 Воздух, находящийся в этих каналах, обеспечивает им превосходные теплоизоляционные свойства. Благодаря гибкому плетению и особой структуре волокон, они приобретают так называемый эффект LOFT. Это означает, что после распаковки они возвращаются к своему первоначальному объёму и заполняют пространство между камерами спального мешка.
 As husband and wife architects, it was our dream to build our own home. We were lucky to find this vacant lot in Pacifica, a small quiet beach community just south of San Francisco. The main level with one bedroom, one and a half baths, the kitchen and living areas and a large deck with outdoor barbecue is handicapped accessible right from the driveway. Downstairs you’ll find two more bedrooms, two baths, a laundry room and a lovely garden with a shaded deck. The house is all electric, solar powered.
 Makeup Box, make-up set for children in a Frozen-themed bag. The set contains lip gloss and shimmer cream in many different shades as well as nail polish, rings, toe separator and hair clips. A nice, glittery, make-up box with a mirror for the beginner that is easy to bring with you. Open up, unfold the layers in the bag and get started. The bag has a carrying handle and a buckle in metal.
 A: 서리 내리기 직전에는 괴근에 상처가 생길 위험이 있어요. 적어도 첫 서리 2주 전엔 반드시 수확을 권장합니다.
——————
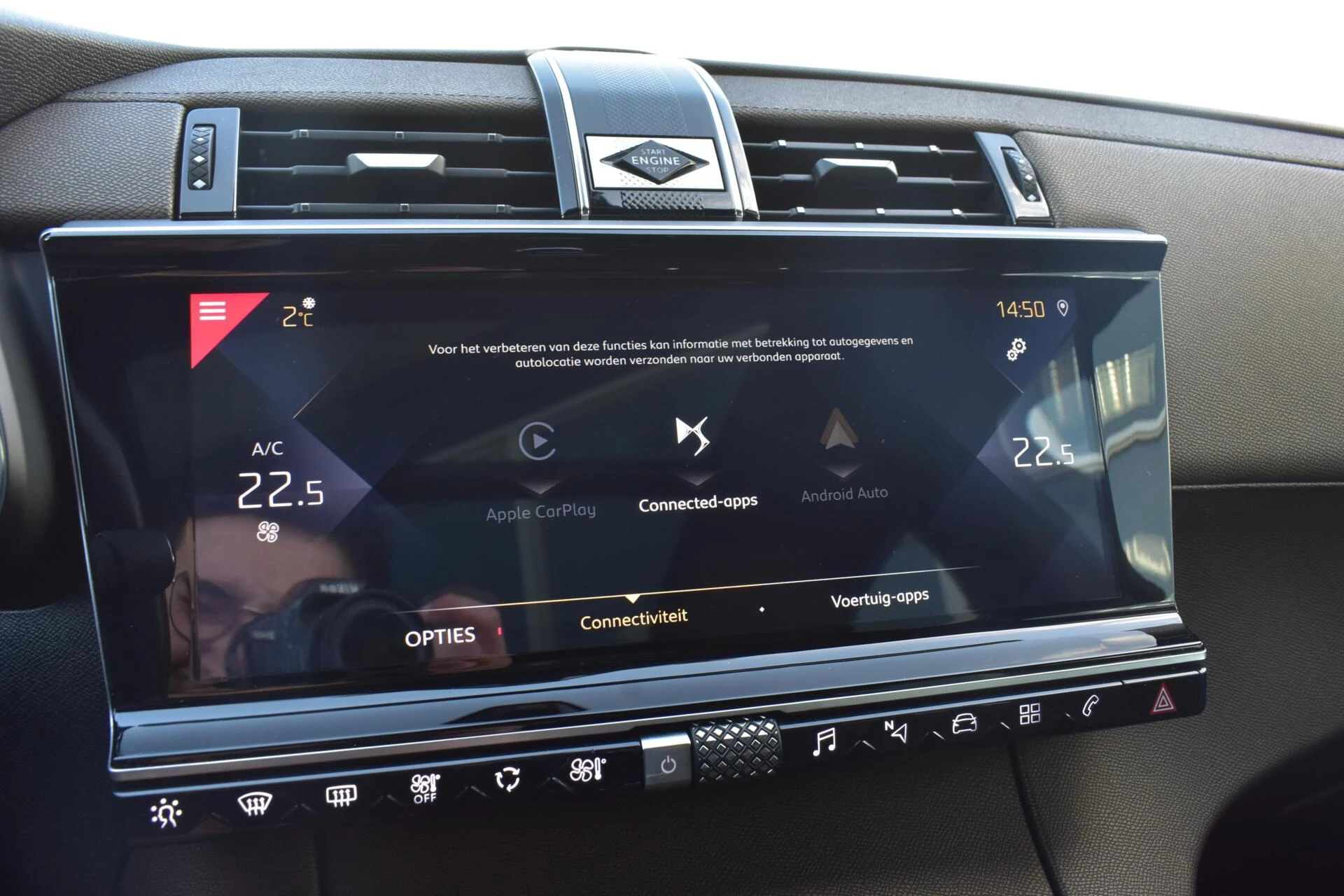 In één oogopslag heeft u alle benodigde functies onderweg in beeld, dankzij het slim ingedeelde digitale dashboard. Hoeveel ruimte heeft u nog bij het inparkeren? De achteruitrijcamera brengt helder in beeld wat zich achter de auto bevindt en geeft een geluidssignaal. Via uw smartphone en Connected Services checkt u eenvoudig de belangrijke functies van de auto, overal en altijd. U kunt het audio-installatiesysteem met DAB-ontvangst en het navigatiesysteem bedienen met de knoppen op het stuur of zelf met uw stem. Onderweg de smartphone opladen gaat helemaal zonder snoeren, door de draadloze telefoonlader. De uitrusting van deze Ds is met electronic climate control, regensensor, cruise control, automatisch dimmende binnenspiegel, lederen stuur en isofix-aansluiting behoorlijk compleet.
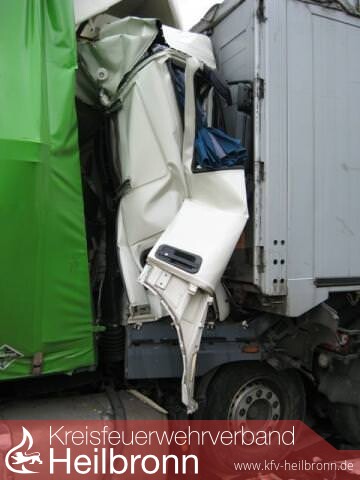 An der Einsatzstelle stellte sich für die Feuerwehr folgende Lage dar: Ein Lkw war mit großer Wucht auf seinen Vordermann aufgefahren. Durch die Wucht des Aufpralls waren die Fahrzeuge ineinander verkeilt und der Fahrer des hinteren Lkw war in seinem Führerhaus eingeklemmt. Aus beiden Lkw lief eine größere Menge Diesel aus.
——————
THE TASK » There is a line with "Воздух, находящийся в" and a line with "As husband and" above. Copy exactly those two lines and all lines between them, with nothing else.

SOLUTION FOR THIS PROBLEM »
 Воздух, находящийся в этих каналах, обеспечивает им превосходные теплоизоляционные свойства. Благодаря гибкому плетению и особой структуре волокон, они приобретают так называемый эффект LOFT. Это означает, что после распаковки они возвращаются к своему первоначальному объёму и заполняют пространство между камерами спального мешка.
 As husband and wife architects, it was our dream to build our own home. We were lucky to find this vacant lot in Pacifica, a small quiet beach community just south of San Francisco. The main level with one bedroom, one and a half baths, the kitchen and living areas and a large deck with outdoor barbecue is handicapped accessible right from the driveway. Downstairs you’ll find two more bedrooms, two baths, a laundry room and a lovely garden with a shaded deck. The house is all electric, solar powered.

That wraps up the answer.